= John Lamphire =

John Lamphire M.D. (1614–1688) was an English academic, who became a physician after being ejected from his college fellowship. He was later Camden Professor of Ancient History, and principal of Hart Hall, Oxford.

==Life==
He was son of George Lamphire, apothecary, and was born in Winchester. He was admitted scholar of Winchester College in 1627. He matriculated from New College, Oxford in 1634, aged 20; was elected fellow there in 1636; proceeded B. A. in 1638, and M.A. in 1641–2. He is apparently the John Lanfire who was appointed prebendary of Bath and Wells in 1641.

In 1648 he was ejected from his fellowship by the parliamentary visitors, but during the Commonwealth practised physic with some success at Oxford. Anthony à Wood in his 'Autobiography' says he belonged to a set of royalists "who esteemed themselves virtuosi or wits". He was Wood's physician, and tried to cure his deafness.

Lamphire was restored to his fellowship in 1660, and on 16 August was elected Camden professor of history. On 30 October 1660 he was created M.D. On 8 Sept. 1662 he succeeded Christopher Rogers (deprived) as principal of New Inn Hall, and on 30 May 1668 was translated to the headship of Hart Hall. He was also a justice of the peace for the city and county of Oxford, and seems to have taken some part in civic affairs, particularly in the paving of St. Clement's and the draining of the town moat. He died on 30 March 1688. aged 76, and was buried on 2 April in the chapel of Hart Hall (now Hertford College), near the west door. Walker calls him "a good, generous, and fatherly man, of a public spirit, and free from the modish hypocrisy of the age he lived in".

==Works==
Lamphire had a good collection of books and manuscripts, but some of them were burnt in April 1650 by a fire in his house.

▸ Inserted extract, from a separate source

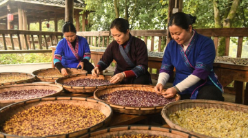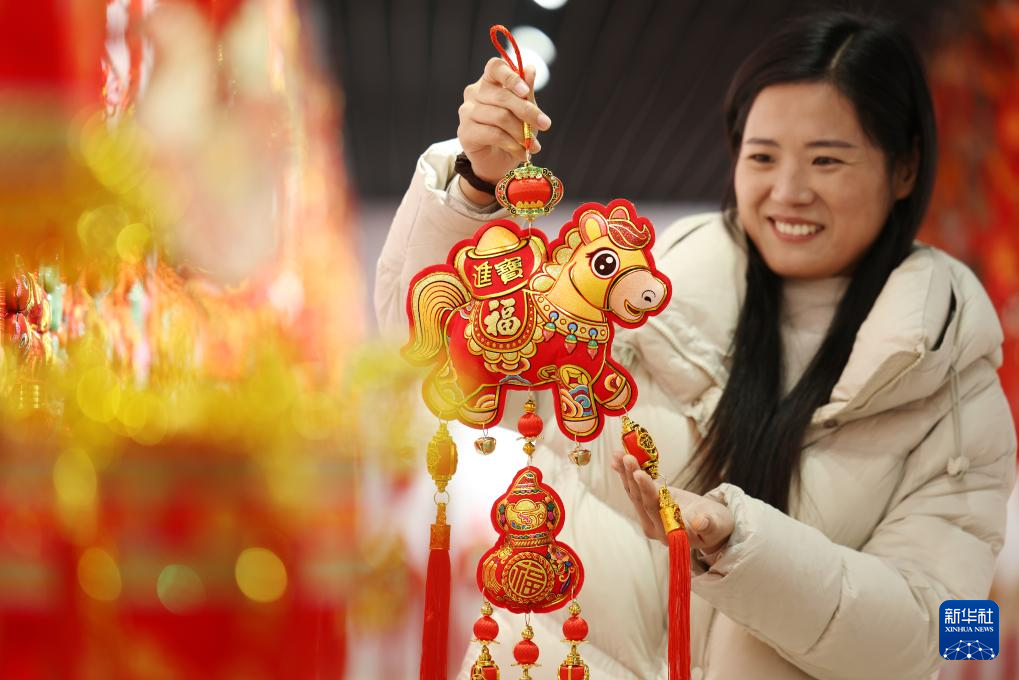 1月15日,在山东省临沂市郯城县红花镇一家中国结饰品加工企业,工作人员展示马年挂件。
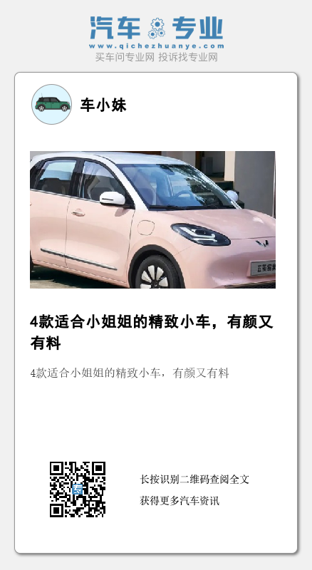 相比男性购物时进行多方位因素考虑,大部分女性消费者的信条是“颜值即正义”。她们更喜欢精致、有细节的车型。所以本期给小姐姐们推荐4款有颜、有料、又好开的小型车。

He owned thirty-eight manuscripts of the works of Thomas Lydiat, which he had bound in twenty-two volumes, and he published one of them, Canones Chronologici (Oxford, 1675), He also published two works by Dr. Hugh Lloyd, the grammarian, in one volume, entitled Phrases Elegantiores et Dictata, Oxford, 1654 (Bodleian). To the second edition (1661) of his friend John Masters's Monarchia Britannica, an oration given in New College Chapel on 6 April 1642 (1st edition 1661), Lamphire added an oration by Henry Savile. He is also said to have published Quaestiones in Logica, Ethica, et Metaphysica (Oxford, 1680) by Robert Pink or Pinck, and he edited Henry Wotton's Plausus et Vota ad Regem de Scotia reducem in Monarchia (Oxford, 1681). He was an executor to Jasper Mayne, and with Robert South put a stone over his grave in Christ Church Cathedral.